DESCRIPTION OF THE TASK:
Restate word for word the lines of the material below, from the line with "Gardez de l’ordre" to the line with "Kegiatan ini bertujuan", both lines included, and no others.

DATA SHOWN:
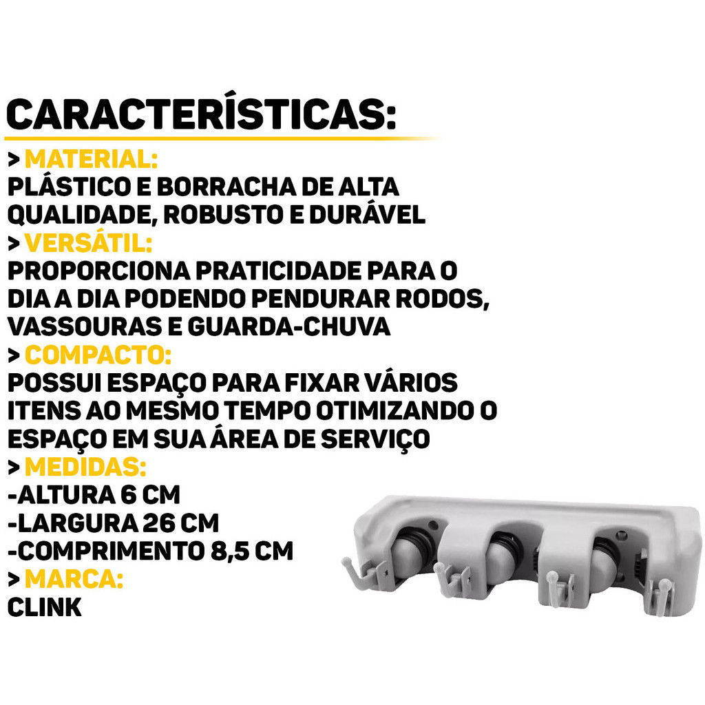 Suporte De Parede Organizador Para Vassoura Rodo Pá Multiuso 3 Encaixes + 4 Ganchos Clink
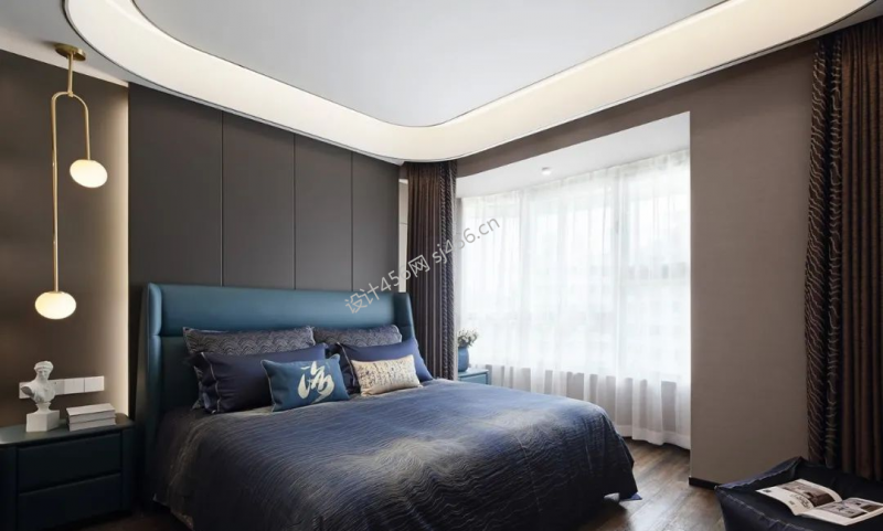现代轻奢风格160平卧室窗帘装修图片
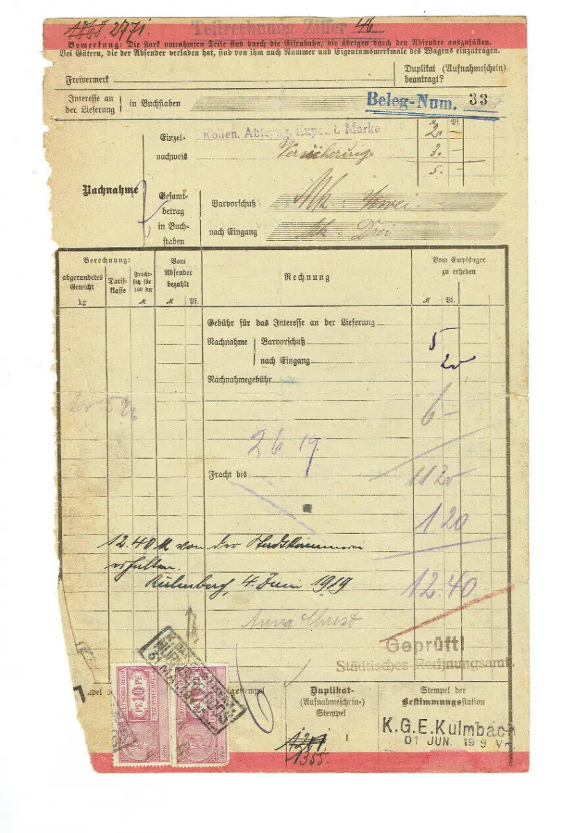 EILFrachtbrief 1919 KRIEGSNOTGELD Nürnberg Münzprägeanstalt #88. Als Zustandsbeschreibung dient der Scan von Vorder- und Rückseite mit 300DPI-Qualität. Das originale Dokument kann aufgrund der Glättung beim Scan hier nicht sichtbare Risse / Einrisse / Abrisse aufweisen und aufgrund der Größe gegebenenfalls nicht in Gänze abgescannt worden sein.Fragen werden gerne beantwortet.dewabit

--

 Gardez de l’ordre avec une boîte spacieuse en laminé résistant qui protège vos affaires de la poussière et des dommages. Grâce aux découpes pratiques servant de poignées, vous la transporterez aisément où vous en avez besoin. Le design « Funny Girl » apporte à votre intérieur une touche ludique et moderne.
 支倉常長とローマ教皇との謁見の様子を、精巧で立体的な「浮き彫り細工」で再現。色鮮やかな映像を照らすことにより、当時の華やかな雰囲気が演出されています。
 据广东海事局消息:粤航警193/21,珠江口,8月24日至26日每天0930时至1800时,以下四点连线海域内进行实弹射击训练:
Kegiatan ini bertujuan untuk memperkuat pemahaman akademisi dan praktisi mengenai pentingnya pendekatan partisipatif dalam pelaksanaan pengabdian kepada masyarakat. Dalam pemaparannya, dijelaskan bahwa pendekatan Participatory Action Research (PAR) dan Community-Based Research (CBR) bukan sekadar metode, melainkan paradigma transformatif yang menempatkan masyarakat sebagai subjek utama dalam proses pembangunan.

WRITTEN SOLUTION:
 Gardez de l’ordre avec une boîte spacieuse en laminé résistant qui protège vos affaires de la poussière et des dommages. Grâce aux découpes pratiques servant de poignées, vous la transporterez aisément où vous en avez besoin. Le design « Funny Girl » apporte à votre intérieur une touche ludique et moderne.
 支倉常長とローマ教皇との謁見の様子を、精巧で立体的な「浮き彫り細工」で再現。色鮮やかな映像を照らすことにより、当時の華やかな雰囲気が演出されています。
 据广东海事局消息:粤航警193/21,珠江口,8月24日至26日每天0930时至1800时,以下四点连线海域内进行实弹射击训练:
Kegiatan ini bertujuan untuk memperkuat pemahaman akademisi dan praktisi mengenai pentingnya pendekatan partisipatif dalam pelaksanaan pengabdian kepada masyarakat. Dalam pemaparannya, dijelaskan bahwa pendekatan Participatory Action Research (PAR) dan Community-Based Research (CBR) bukan sekadar metode, melainkan paradigma transformatif yang menempatkan masyarakat sebagai subjek utama dalam proses pembangunan.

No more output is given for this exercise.